도 7에 제 1 마이크(11a)와 제 2 마이크(11b)를 도시하지만, "가까운" 및 "먼" 오디오 신호가 임의의 수의 마이크 소스로부터 생성될 수 있음이 당업자에게 이해될 것이다.Although the first microphone 11a and the second microphone 11b are shown in FIG. 7, it will be understood by those skilled in the art that "close" and "far" audio signals can be generated from any number of microphone sources.

예컨대, "가까운" 및 "먼" 오디오 신호는 지향성 요소를 갖는 단일 마이크를 이용하여 생성될 수 있다. 본 실시예에서, 음원을 향하는 것을 나타내는 마이크의 지향성 요소를 이용하여 "가까운" 신호를 생성하고, 음원으로부터 떨어져 배치된 것을 나타내는 마이크의 지향성 요소로부터 "먼" 오디오 신호를 생성하는 것이 가능할 것이다.For example, "near" and "far" audio signals can be generated using a single microphone with directional elements. In this embodiment, it will be possible to generate a "close" signal using the directional element of the microphone, which is directed towards the sound source, and to generate a "far" audio signal from the directional element of the microphone, which is positioned away from the sound source.

또한, 본 발명의 다른 실시예에서, "가까운" 및 "먼" 오디오 신호를 생성하기 위해 다수의 마이크를 이용하는 것이 가능할 것이다. 이들 실시예에서는, 음원 가까이에 있는 마이크로부터 수신된 오디오 신호를 혼합하여 "가까운" 오디오 신호를 생성하고, 음원에 배치되거나 음원으로부터 떨어져 배치된 마이크로부터 수신된 오디오 신호를 혼합하여 "먼" 오디오 신호를 생성하기 위해 마이크로부터의 신호를 전처리(pre-processing)할 수 있다.In another embodiment of the present invention, it would also be possible to use multiple microphones to generate "close" and "far" audio signals. In these embodiments, an audio signal received from a microphone close to the sound source is mixed to produce a "close" audio signal, and an audio signal received from a microphone placed in or separated from the sound source is mixed to "far" audio signal. The signal from the microphone can be pre-processed to produce.

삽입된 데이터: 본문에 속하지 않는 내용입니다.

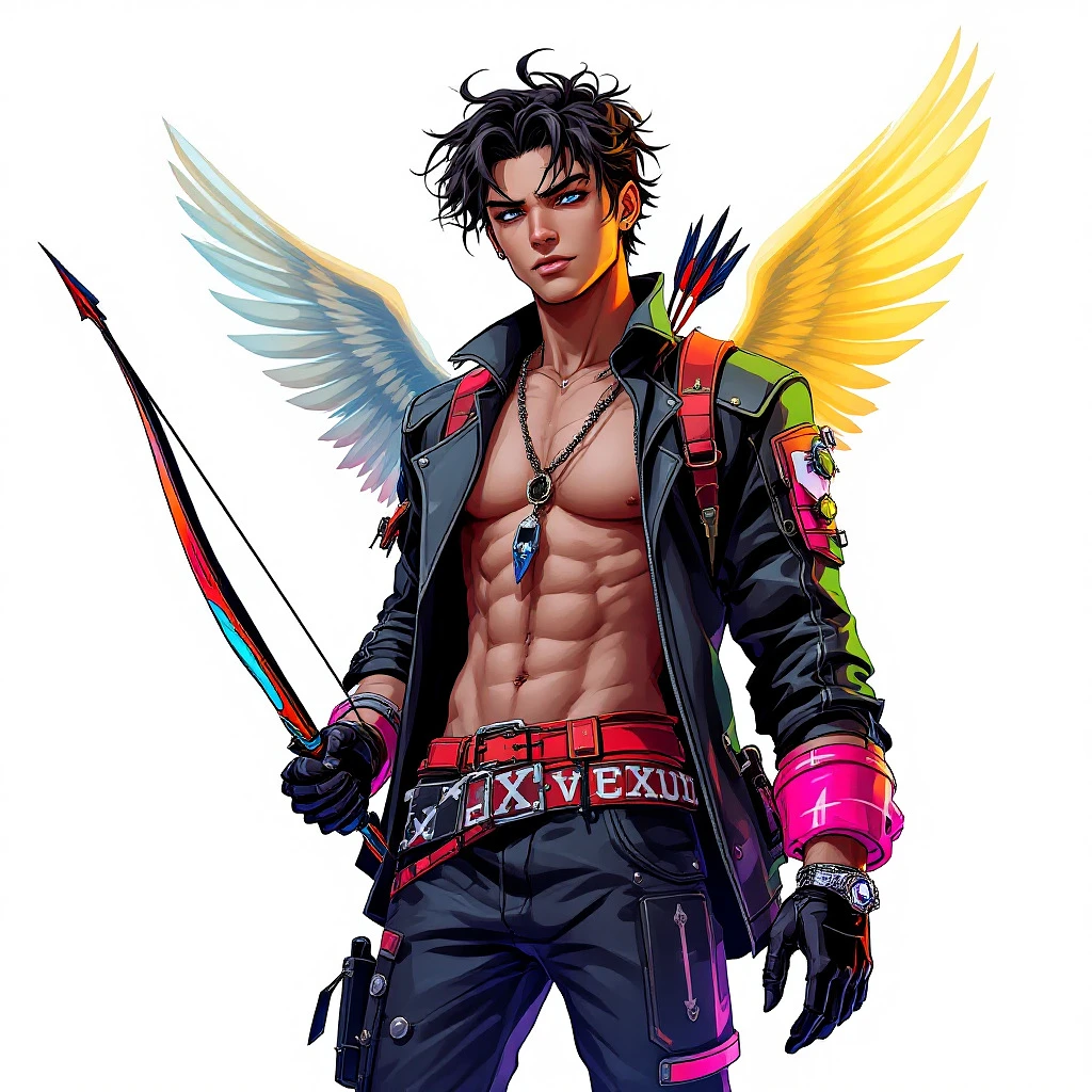mixed race anime boy cupid in dressy street wear with a cyber punk bow and arrow white background full body

상기 및 이하에서 마이크에 의해 직접 생성되거나 마이크에 의해 생성된 신호를 전처리함으로써 생성되는 것으로서 "가까운" 및 "먼" 신호를 논의하지만, "가까운" 및 "먼" 신호는 이전에 기록/저장되거나 아니면 마이크/전처리기로부터 직접 수신된 신호일 수 있음이 이해될 것이다.While the above and below discuss "close" and "far" signals as generated directly by the microphone or by preprocessing the signal generated by the microphone, the "close" and "far" signals are previously recorded / stored or It will be appreciated that it may be a signal received directly from the microphone / preprocessor.

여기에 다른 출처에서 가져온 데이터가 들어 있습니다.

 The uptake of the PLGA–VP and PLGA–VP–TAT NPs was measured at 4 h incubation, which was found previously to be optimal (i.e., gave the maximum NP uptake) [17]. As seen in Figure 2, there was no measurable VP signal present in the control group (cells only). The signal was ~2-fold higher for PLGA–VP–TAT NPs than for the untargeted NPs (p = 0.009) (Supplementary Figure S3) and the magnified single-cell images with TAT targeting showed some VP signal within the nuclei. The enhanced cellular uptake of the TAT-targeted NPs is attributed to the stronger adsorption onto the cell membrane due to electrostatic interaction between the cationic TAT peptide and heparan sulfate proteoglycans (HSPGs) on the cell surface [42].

또한, 상기 및 이하에서 "가까운" 및 "먼" 오디오 신호의 인코딩과 디코딩을 논의하지만, 본 발명의 실시예에서 3 이상의 오디오 신호가 인코딩될 수 있음이 이해될 것이다. 예컨대, 일 실시예에서, 다수의 "가까운" 오디오 신호 또는 다수의 "먼" 오디오 신호가 있을 수 있다. 본 발명의 다른 실시예에서는, 신호가 "가까운" 및 "먼" 오디오 신호의 사이의 위치로부터 얻어지는 경우, 주요한 "가까운" 오디오 신호 및 다수의 부차적인 "가까운" 오디오 신호가 있을 수 있다.Further, while discussing the encoding and decoding of "close" and "far" audio signals, both above and below, it will be appreciated that three or more audio signals may be encoded in embodiments of the present invention. For example, in one embodiment, there may be multiple "near" audio signals or multiple "far" audio signals. In another embodiment of the present invention, where the signal is obtained from a position between "close" and "far" audio signals, there may be a primary "close" audio signal and a number of secondary "close" audio signals.

본 발명의 나머지 논의에 대해서, 두 개의 마이크에 대한 인코딩 및 디코딩과, 가까운 및 먼 채널의 인코딩 및 디코딩 프로세스를 논의할 것이다.For the remainder of the discussion of the present invention, we will discuss the encoding and decoding of two microphones and the encoding and decoding process of near and far channels.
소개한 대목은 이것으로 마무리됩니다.